WITH a large bushfire burning out of control and heading straight for them, residents in Wooloweyah and Angourie had a decision to make on Monday: stay and protect their property, or evacuate.

Wooloweyah resident Angus Suttor made the decision to remain and defend his property, and despite the strong gusty winds on Monday and today, he said the situation could have been much worse.

"The forecast was for a south-westerly wind which blew the fire closer to the coast which impacted Angourie more than Wooloweyah, so we were safe from anything dire until this morning when the wind turned around," he said.

"The fire at the top end of Wooloweyah burnt all the way through to the fire break put in place about a month ago.

"With the way the winds changed the situation could have been much worse if Mother Nature didn't play a good hand.

"I went to Angourie yesterday morning and because the Large Air Tanker had dropped fire retardant that was the real saving grace."

Aerial shot of the fire headed to Angourie and Wooloweyah.
Aerial shot of the fire headed to Angourie and Wooloweyah. RFS

Fellow Wooloweyah resident and Clarence Valley Councillor Peter Ellem evacuated with his family on Monday.

"Once an emergency was declared yesterday, people made their decisions to evacuate," he said.

"There were three sets of evacuations out of Wooloweyah through Monday afternoon and night, one under police escort.

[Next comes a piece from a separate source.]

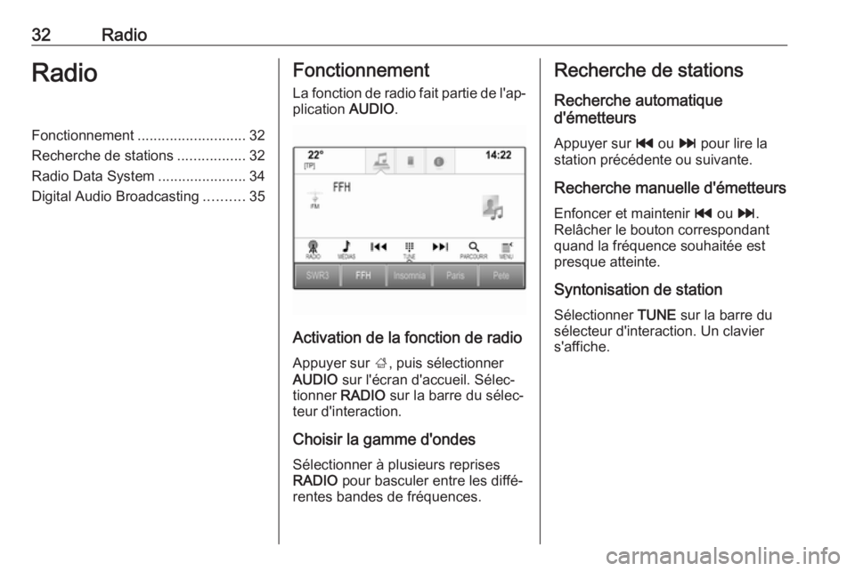 La fonction de radio fait partie de l'ap‐ plication AUDIO.

"Even yesterday with spot fires around the lake, some who stayed to defend their homes worked with RFS teams to secure their homes and put out spot fires burning around the lake."

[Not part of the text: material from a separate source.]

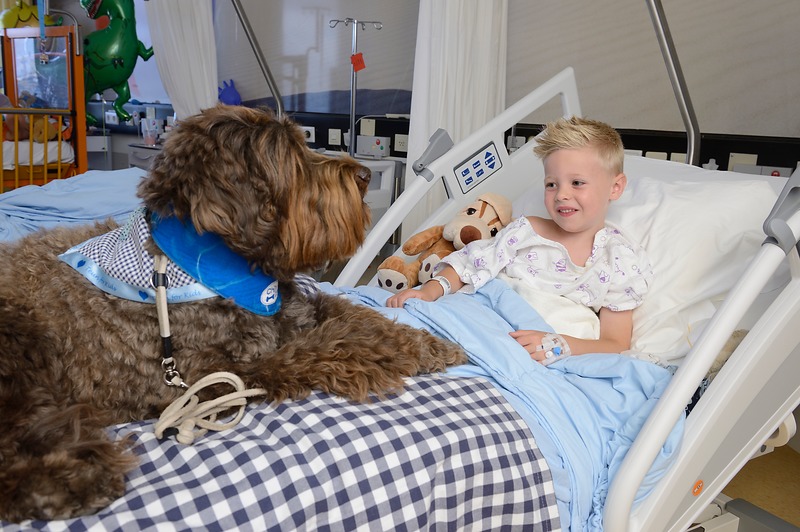 Opgenomen worden in het ziekenhuis is natuurlijk niet altijd een pretje. De labradoodles van onze vrijwilligers maken het verblijf van onze patiënten een stukje aangenamer. En meer dan dat: Teun, Sydney en hun collega’s van de Bezoekhondenservice geven rust, afleiding én troost.

Lakes Boulevard resident Lou Gumb was not evacuated. She and her neighbours on both sides chose to stay in Wooloweyah.

Ms Gumb said it was a nervous time in Wooloweyah last night, but was confident the worst had passed.

"Everyone was really apprehensive," she said.

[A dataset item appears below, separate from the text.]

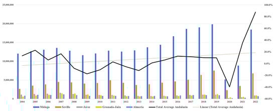 The literature review has addressed the importance of airports and the numbers of hotels and rooms in the tourism demand on the Andalusia destination. Moreover, the number of passenger arrivals at Andalusian airports has a direct impact on foreign and Spanish overnight stays and the occupancy rate of Andalusian hotels. Sánchez-Ollero et al. [94] note that Andalusian hotels can improve their occupancy levels and increase the number of overnight stays because of the proximity of the airports’ locations and the coastline. Figure 8 shows the correlation between the evolution of passenger arrivals at Andalusian airports analysed and the total overnight stays in the Andalusia destination and also its eight provinces. The tendency of growth in passengers and overnight stays from 2004 to 2019 is the same on the timeline. In 2020, we can see the same drastic fall in these two indicators because of the pandemic crisis, but in the years 2021 and 2022 the number of passenger arrivals and overnight stays are aligned in recovering to pre-pandemic levels.

"You could hear the fire trucks coming and going all night checking for spot fires. My husband and I did rotating shifts of being awake just to be sure.

"You could tell how close it was from the orange in the night sky.

"When the winds picked up about 10 o'clock this morning the smoke was just intense, it was incredible.

"There was a feeling of what's going to happen next. But talking to the RFS, they were so grateful there was next to no wind during the night and coming from the southwest it blew the fire towards the coast. So all the fuel had burnt out already in the safest possible way."